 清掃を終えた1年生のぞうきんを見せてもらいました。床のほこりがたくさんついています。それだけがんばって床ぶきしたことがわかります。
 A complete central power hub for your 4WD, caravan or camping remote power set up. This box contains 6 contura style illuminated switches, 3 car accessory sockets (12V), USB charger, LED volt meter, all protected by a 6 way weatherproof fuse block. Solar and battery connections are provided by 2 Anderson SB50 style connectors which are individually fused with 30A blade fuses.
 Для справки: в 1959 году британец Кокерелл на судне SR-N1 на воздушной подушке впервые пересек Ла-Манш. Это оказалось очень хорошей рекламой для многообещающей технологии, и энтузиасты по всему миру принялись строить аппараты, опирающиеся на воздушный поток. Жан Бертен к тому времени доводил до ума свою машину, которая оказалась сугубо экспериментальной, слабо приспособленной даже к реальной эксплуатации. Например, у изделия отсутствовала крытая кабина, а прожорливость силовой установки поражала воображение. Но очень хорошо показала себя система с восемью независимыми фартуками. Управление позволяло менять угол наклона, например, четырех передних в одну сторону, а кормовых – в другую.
☆ ☆ ☆ ☆
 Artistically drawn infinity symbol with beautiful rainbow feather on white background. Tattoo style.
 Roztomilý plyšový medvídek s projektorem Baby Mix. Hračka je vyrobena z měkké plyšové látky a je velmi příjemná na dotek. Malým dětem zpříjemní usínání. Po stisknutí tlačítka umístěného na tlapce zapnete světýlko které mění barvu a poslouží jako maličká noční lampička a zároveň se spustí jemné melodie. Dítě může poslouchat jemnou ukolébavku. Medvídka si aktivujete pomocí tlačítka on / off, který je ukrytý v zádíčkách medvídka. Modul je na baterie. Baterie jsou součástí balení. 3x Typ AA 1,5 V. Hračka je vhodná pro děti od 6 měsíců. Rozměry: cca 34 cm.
☆ ☆ ☆ ☆
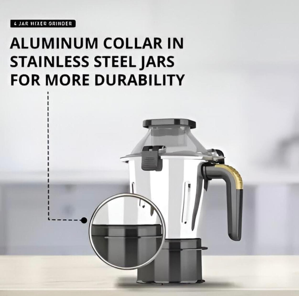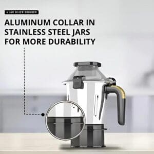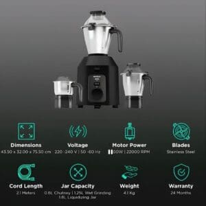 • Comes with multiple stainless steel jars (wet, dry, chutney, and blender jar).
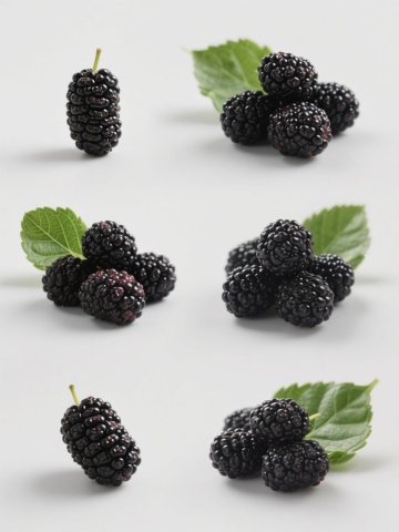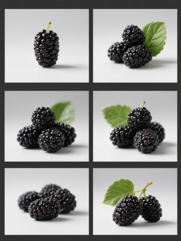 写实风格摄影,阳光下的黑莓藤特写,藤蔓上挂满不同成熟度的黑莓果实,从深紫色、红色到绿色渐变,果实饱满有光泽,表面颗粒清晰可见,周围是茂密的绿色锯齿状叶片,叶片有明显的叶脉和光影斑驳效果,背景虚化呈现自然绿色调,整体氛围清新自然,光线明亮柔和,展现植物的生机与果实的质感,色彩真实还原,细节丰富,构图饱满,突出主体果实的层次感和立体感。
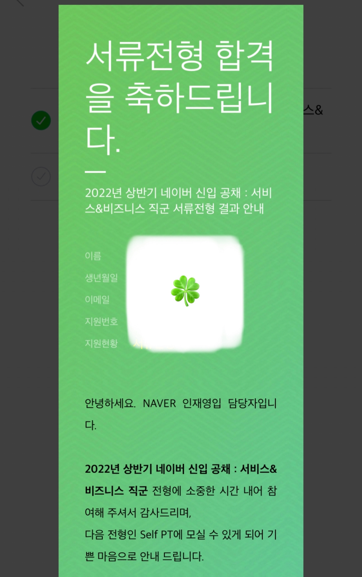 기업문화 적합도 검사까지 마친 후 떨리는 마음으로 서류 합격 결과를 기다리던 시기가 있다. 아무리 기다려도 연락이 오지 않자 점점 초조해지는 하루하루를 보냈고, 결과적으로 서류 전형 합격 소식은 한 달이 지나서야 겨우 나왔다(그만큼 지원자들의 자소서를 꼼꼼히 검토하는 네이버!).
☆ ☆ ☆ ☆
Instructions for the task: Could you restate word for word the lines above, from the one that contains "清掃を終えた1年生のぞうきん" through the one that contains "Для справки: в", and no others?

Written solution:
 清掃を終えた1年生のぞうきんを見せてもらいました。床のほこりがたくさんついています。それだけがんばって床ぶきしたことがわかります。
 A complete central power hub for your 4WD, caravan or camping remote power set up. This box contains 6 contura style illuminated switches, 3 car accessory sockets (12V), USB charger, LED volt meter, all protected by a 6 way weatherproof fuse block. Solar and battery connections are provided by 2 Anderson SB50 style connectors which are individually fused with 30A blade fuses.
 Для справки: в 1959 году британец Кокерелл на судне SR-N1 на воздушной подушке впервые пересек Ла-Манш. Это оказалось очень хорошей рекламой для многообещающей технологии, и энтузиасты по всему миру принялись строить аппараты, опирающиеся на воздушный поток. Жан Бертен к тому времени доводил до ума свою машину, которая оказалась сугубо экспериментальной, слабо приспособленной даже к реальной эксплуатации. Например, у изделия отсутствовала крытая кабина, а прожорливость силовой установки поражала воображение. Но очень хорошо показала себя система с восемью независимыми фартуками. Управление позволяло менять угол наклона, например, четырех передних в одну сторону, а кормовых – в другую.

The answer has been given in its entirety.